• [INSTRUCTIONS TO FOLLOW]: Leaving pictures aside, set down each line exactly, from the first line of the data to the line with "谭卫民背着母亲攀登夜长城的南四楼。受访者供图", both included.

Top of EXERCISE DATA

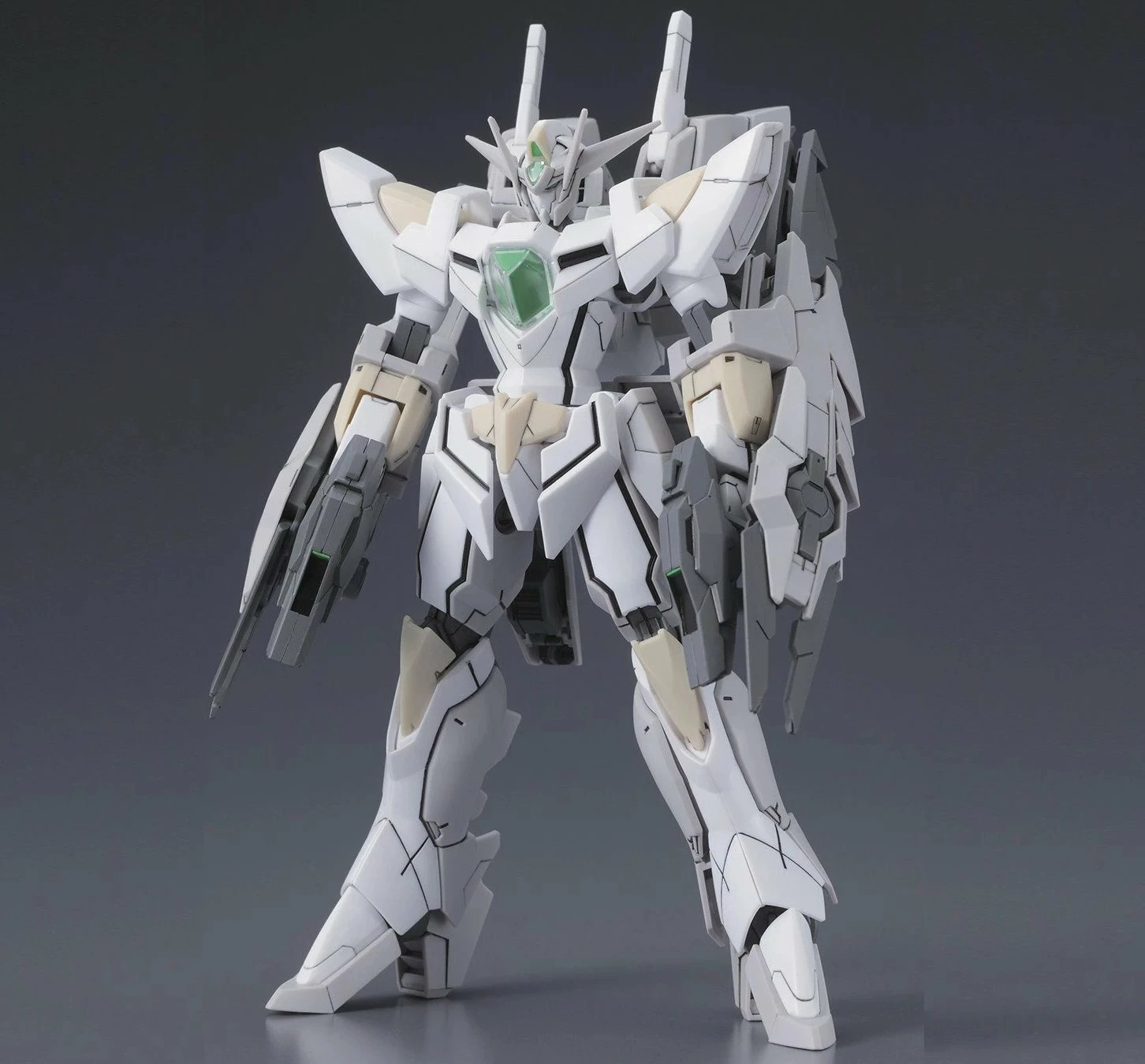 The Reversible Gundam as seen in the Gundam Build Fighters Battlogue video shorts is based off the Reborns Gundam from Gundam 00. Features a transforming gimmick to recreate its creature like “Tank Mode.” Includes GN Beam Pistols, GN Dragon Claws which can move independently, and 2 GN Beam Sabers.
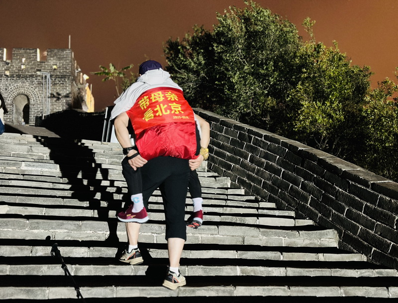 谭卫民背着母亲攀登夜长城的南四楼。受访者供图
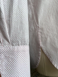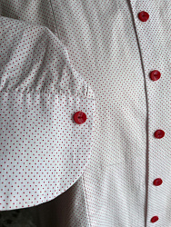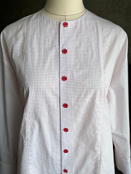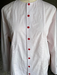 Необычная рубашка из-за отсутствия воротника. Из-за больших прибавок, взяла на размер меньше.
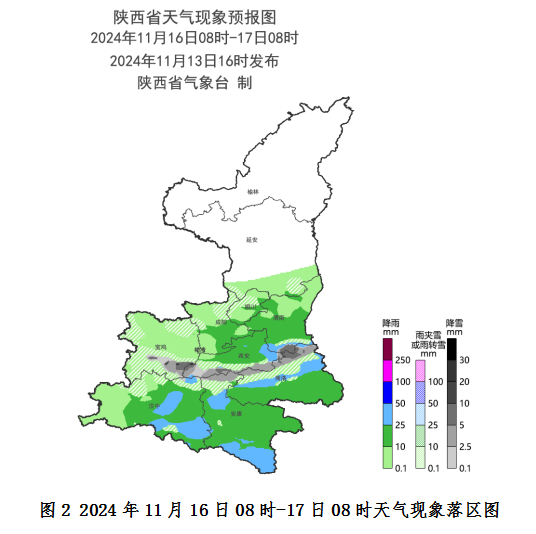 16日關中、陝南西部小到中雨(5-15mm),陝南東部中到大雨(10-30mm),其中關中北部及西部、商洛有雨夾雪或小到中雪(1-4mm),秦巴山區有雨夾雪或大雪(5-10mm)。

Bottom of EXERCISE DATA

• [EXPECTED ANSWER]:
 The Reversible Gundam as seen in the Gundam Build Fighters Battlogue video shorts is based off the Reborns Gundam from Gundam 00. Features a transforming gimmick to recreate its creature like “Tank Mode.” Includes GN Beam Pistols, GN Dragon Claws which can move independently, and 2 GN Beam Sabers.
 谭卫民背着母亲攀登夜长城的南四楼。受访者供图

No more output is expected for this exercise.